## Exercise objective
With pictures removed, output every record below exactly as written.

··· Data under study

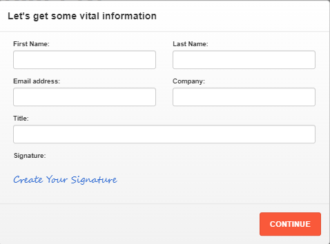 - Next, fill in the few Vital information fields and then click on ‘Create Your Signature’. After your signature is created then select ‘Continue’ to begin sending your document for a signature.
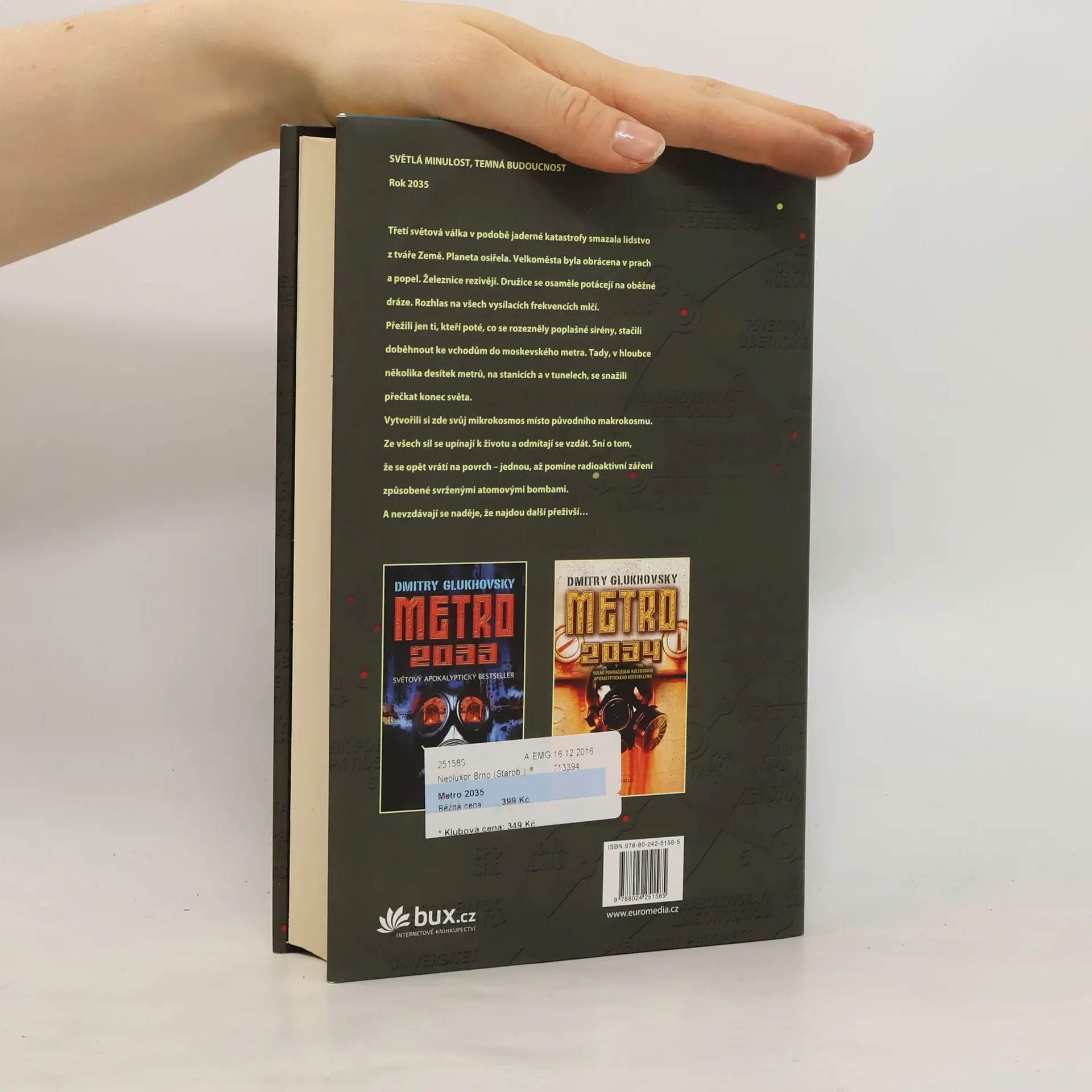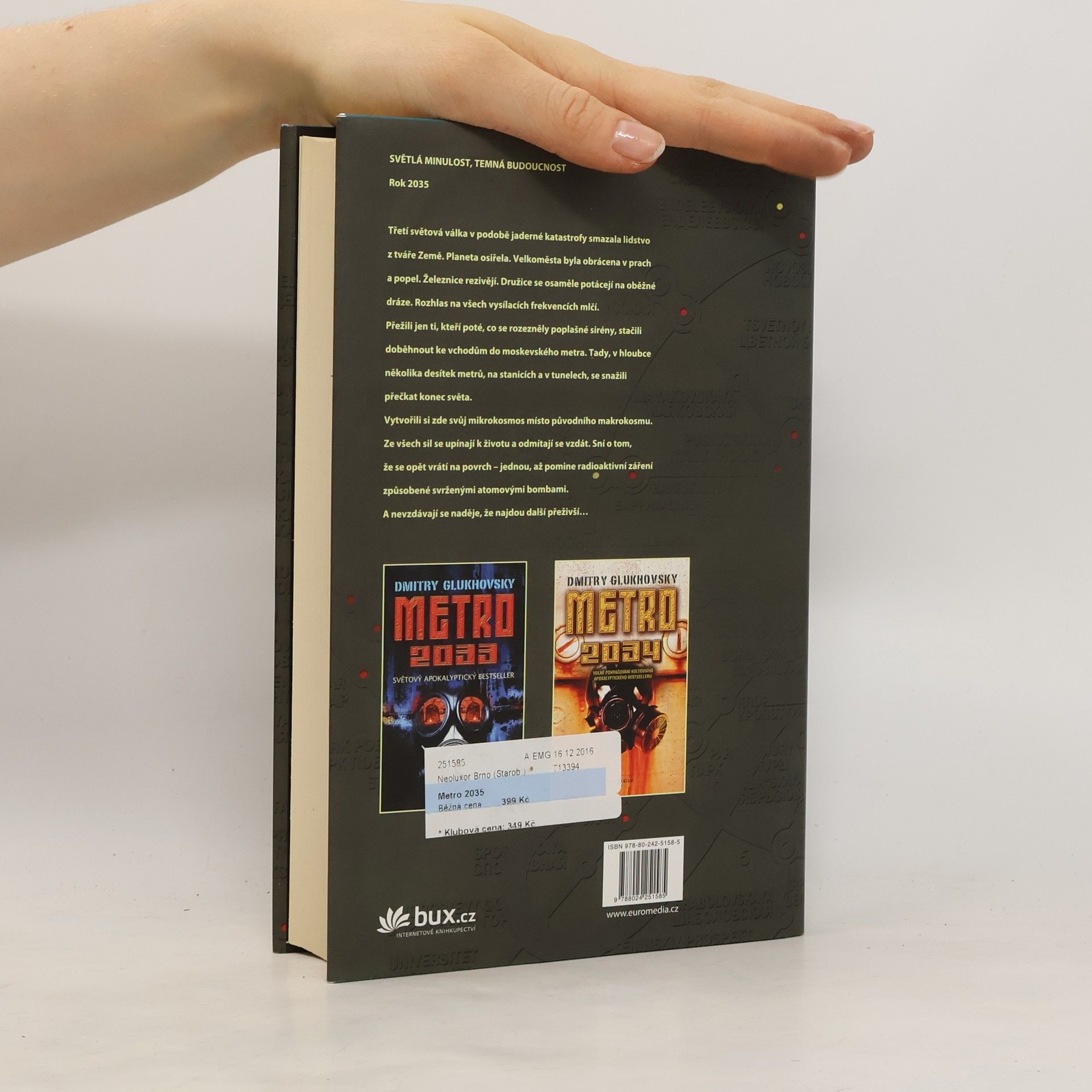 Třetí světová válka smazala lidstvo z tváře Země. Planeta osiřela. Velkoměsta byla obrácena v prach a popel. Železnice rezivějí. Družice se osaměle potácejí na oběžné dráze. Rozhlas na všech vysílacích frekvencích mlčí. Přežili jen ti, kteří poté, co se rozezněly poplašné sirény, stačili doběhnout ke vchodům do moskevského metra. Tady, v hloubce několika desítek metrů, na stanicích a v tunelech, se lidé snaží přečkat konec světa. Vytvořili si zde svůj mikrokosmos místo původního makrokosmu. Ze všech sil se upínají k životu a odmítají se vzdát. Sní o tom, že se vrátí na povrch – jednou, až pomine radioaktivní záření způsobené svrženými jadernými bombami. A nevzdávají se naděje, že najdou další přeživší… Metro 2035 završuje příběh Arťoma z první knihy kultovní trilogie. Na tuto knihu miliony čtenářů čekaly řadu let a zahraniční nakladatelé zakoupili práva na překlad dávno předtím, než byl román dokončen.
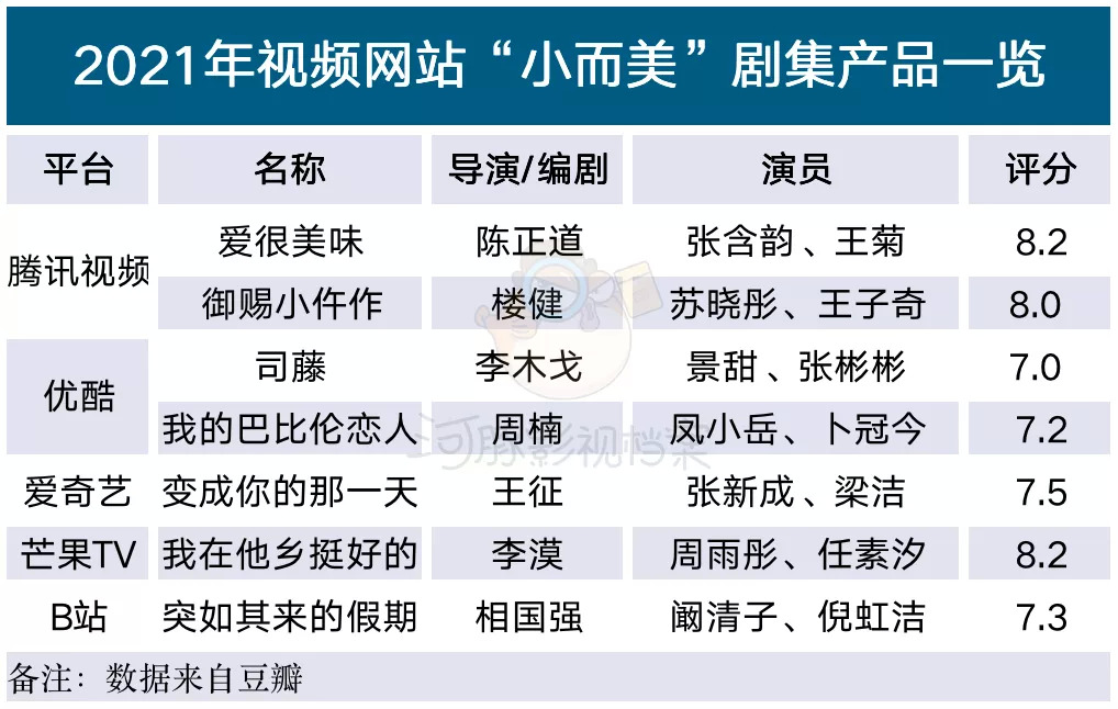 相比较头部剧集需要在平台利益、演员、制作方之间多方博弈,小成本作反而有了更多空间,宽松的创作环境和强烈的生存意图让2021成为“小而美”爆发年。
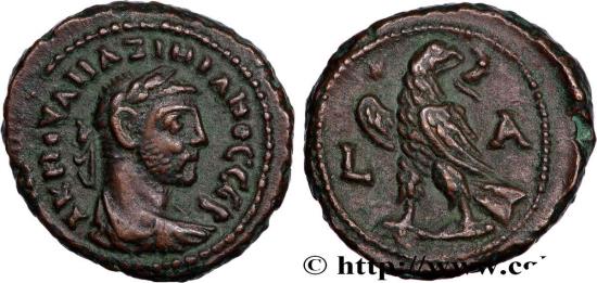 MAXIMIANUS HERCULIUS Auguste I Tétradrachme 286 Alexandrie, Égypte billon Obverse : Buste lauré,drapé et cuirassé de Maximien à droite, vu de trois quarts en arrière (A*2) Reverse : * / L - A Aigle de face, la tête tournée à droite, tenant une couronne dans son bec Commentary : Belle monnaie frappée sur un flan épais et idéalement centré. De hauts reliefs et de jolis détails. Fine usure régulière. Patine marron
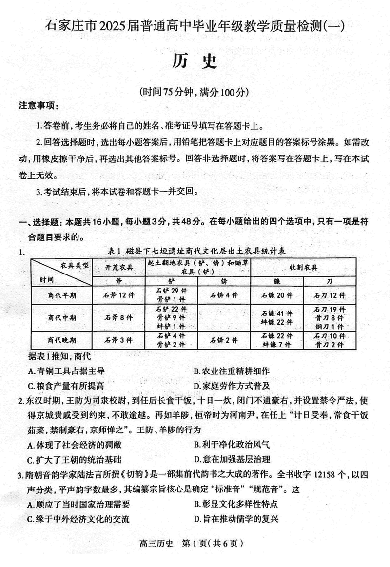 2025届石家庄市高三教学质量检测(一)历史试题及答案

······

## Answer box
 - Next, fill in the few Vital information fields and then click on ‘Create Your Signature’. After your signature is created then select ‘Continue’ to begin sending your document for a signature.
 Třetí světová válka smazala lidstvo z tváře Země. Planeta osiřela. Velkoměsta byla obrácena v prach a popel. Železnice rezivějí. Družice se osaměle potácejí na oběžné dráze. Rozhlas na všech vysílacích frekvencích mlčí. Přežili jen ti, kteří poté, co se rozezněly poplašné sirény, stačili doběhnout ke vchodům do moskevského metra. Tady, v hloubce několika desítek metrů, na stanicích a v tunelech, se lidé snaží přečkat konec světa. Vytvořili si zde svůj mikrokosmos místo původního makrokosmu. Ze všech sil se upínají k životu a odmítají se vzdát. Sní o tom, že se vrátí na povrch – jednou, až pomine radioaktivní záření způsobené svrženými jadernými bombami. A nevzdávají se naděje, že najdou další přeživší… Metro 2035 završuje příběh Arťoma z první knihy kultovní trilogie. Na tuto knihu miliony čtenářů čekaly řadu let a zahraniční nakladatelé zakoupili práva na překlad dávno předtím, než byl román dokončen.
 相比较头部剧集需要在平台利益、演员、制作方之间多方博弈,小成本作反而有了更多空间,宽松的创作环境和强烈的生存意图让2021成为“小而美”爆发年。
 MAXIMIANUS HERCULIUS Auguste I Tétradrachme 286 Alexandrie, Égypte billon Obverse : Buste lauré,drapé et cuirassé de Maximien à droite, vu de trois quarts en arrière (A*2) Reverse : * / L - A Aigle de face, la tête tournée à droite, tenant une couronne dans son bec Commentary : Belle monnaie frappée sur un flan épais et idéalement centré. De hauts reliefs et de jolis détails. Fine usure régulière. Patine marron
 2025届石家庄市高三教学质量检测(一)历史试题及答案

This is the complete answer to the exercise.